Anyway, the orchidopexy aims to free the testis of the elements that prevent its migration and fix it in a pocket created in the scrotal dartos. It also corrects the hernial orifice, often gaping. When the testicle is in the abdomen, surgical correction is more complex. It is still a residue of testis (that will be taken away), or the testicle is located too high (a two-step procedure is preferable). monitoring (re specialist advice) to puberty and beyond is desirable .
Before resorting to surgery, some recommend trying hormone treatments (beta-HCG or GnRH analogues) to lower the testicle, but many teams have abandoned because of inconsistent results too.

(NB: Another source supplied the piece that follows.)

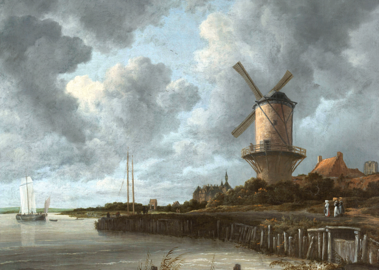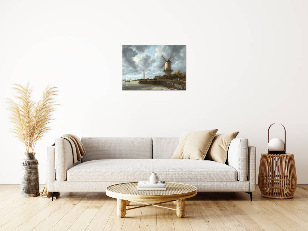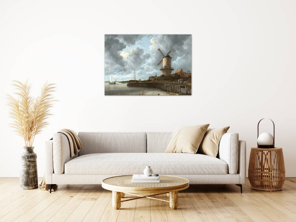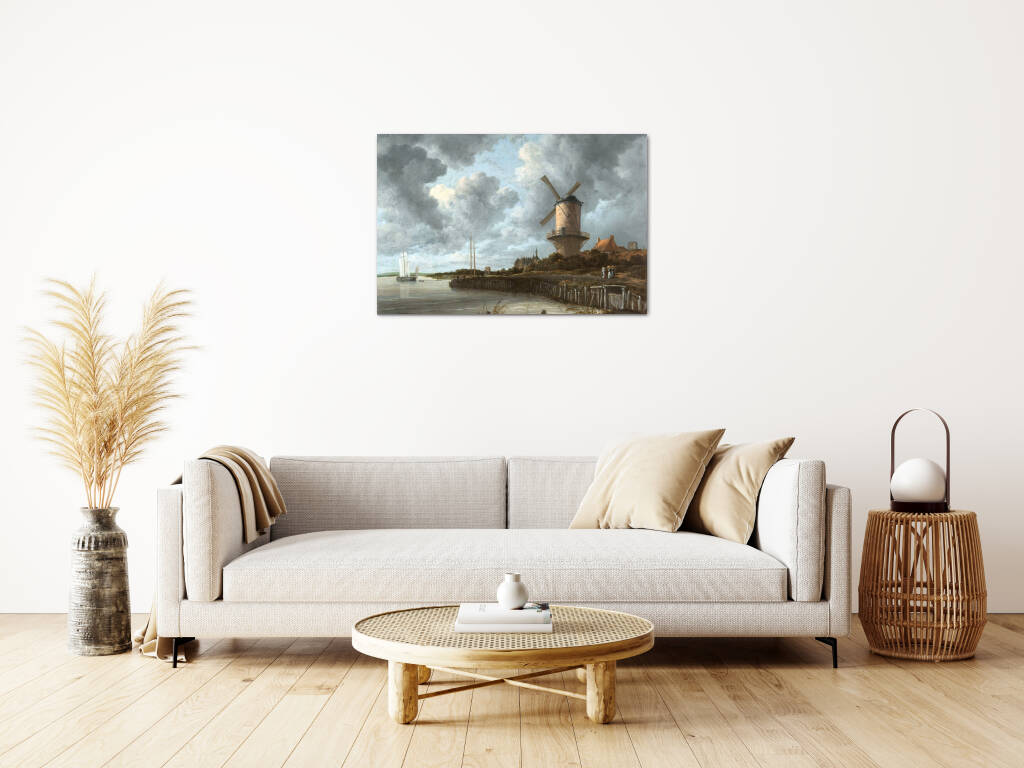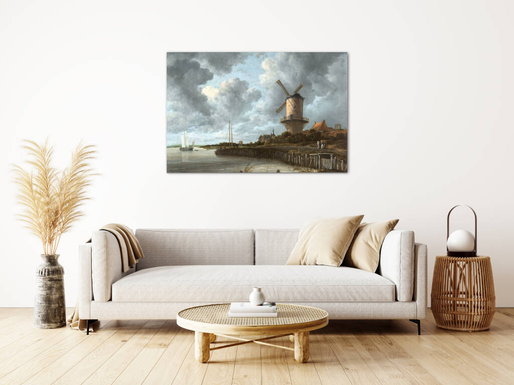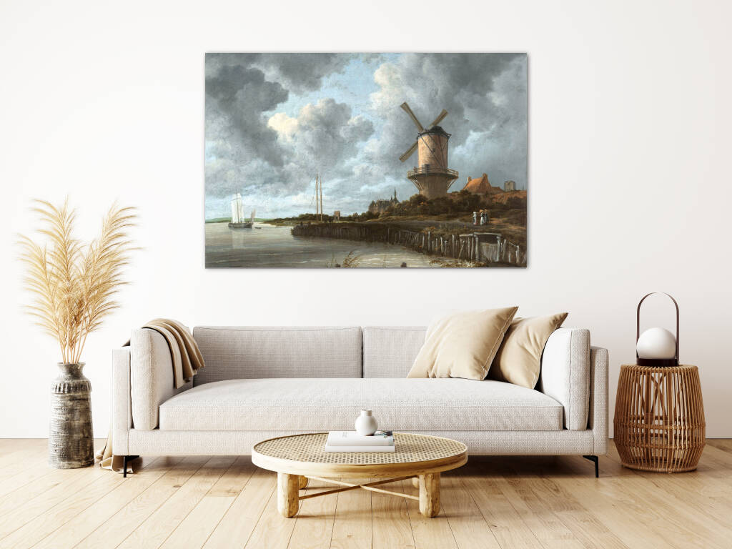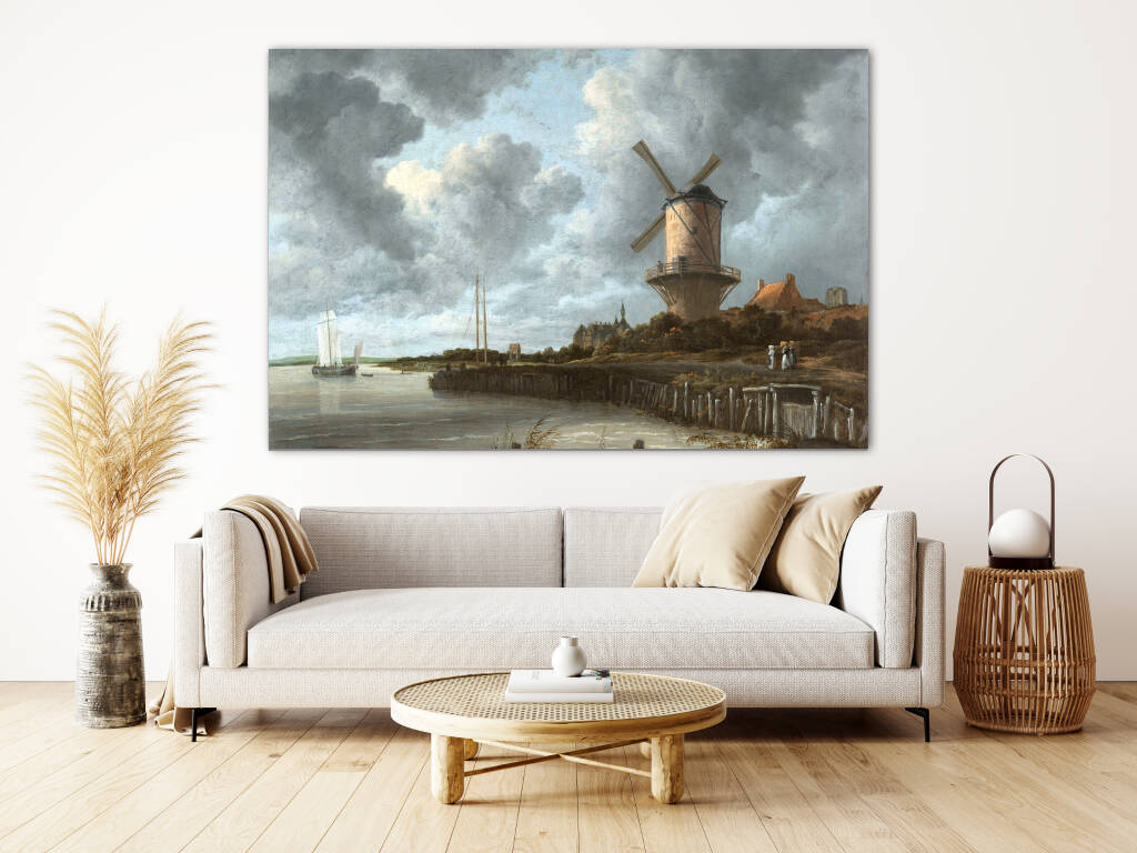Deze meesterlijke reproductie van De molen bij Wijk bij Duurstede, geschilderd door Jacob Isaacksz van Ruisdael, vangt de grootsheid van het Nederlandse landschap. De imposante windmolen torent hoog boven de omgeving uit, terwijl de dramatische wolkenlucht en het spel van licht en schaduw een bijna tijdloze sfeer creƫren. De zachte weerspiegeling op het water en de subtiele details, zoals de schepen en wandelende figuren, maken dit kunstwerk tot een icoon van de Hollandse Gouden Eeuw. Een klassieke toevoeging aan elk interieur, perfect voor liefhebbers van landschapsschilderkunst en historische esthetiek.

Urological surgery with the diagnosis and treatment of patients congenital, infectious, lithiasis, traumatic and tumor of male and female urinary tracts (kidney, renal pelvis, ureter, bladder, urethra) and those of the male reproductive system (prostate, testis, penis).
Urology is both a surgical specialty (all urologists are surgeons urologists now have complete surgical training) but also because medical supports some patients without the need for surgery (benign prostate, kidney stones, testicular infections).
The study and treatment of male reproductive disorders, erectile dysfunction, ejaculation, fertility is the Andrology which is involved in urology with other specialties (psychiatry, endocrinology, gynecology , etc.)..
The study and treatment of disorders of the urinary tract of children, mostly malformative tumor or infection but also constitute the infant urology. It is exercised by urologists or pediatric surgeons who have acquired a particular skill area and represents a boundary between the two specialties.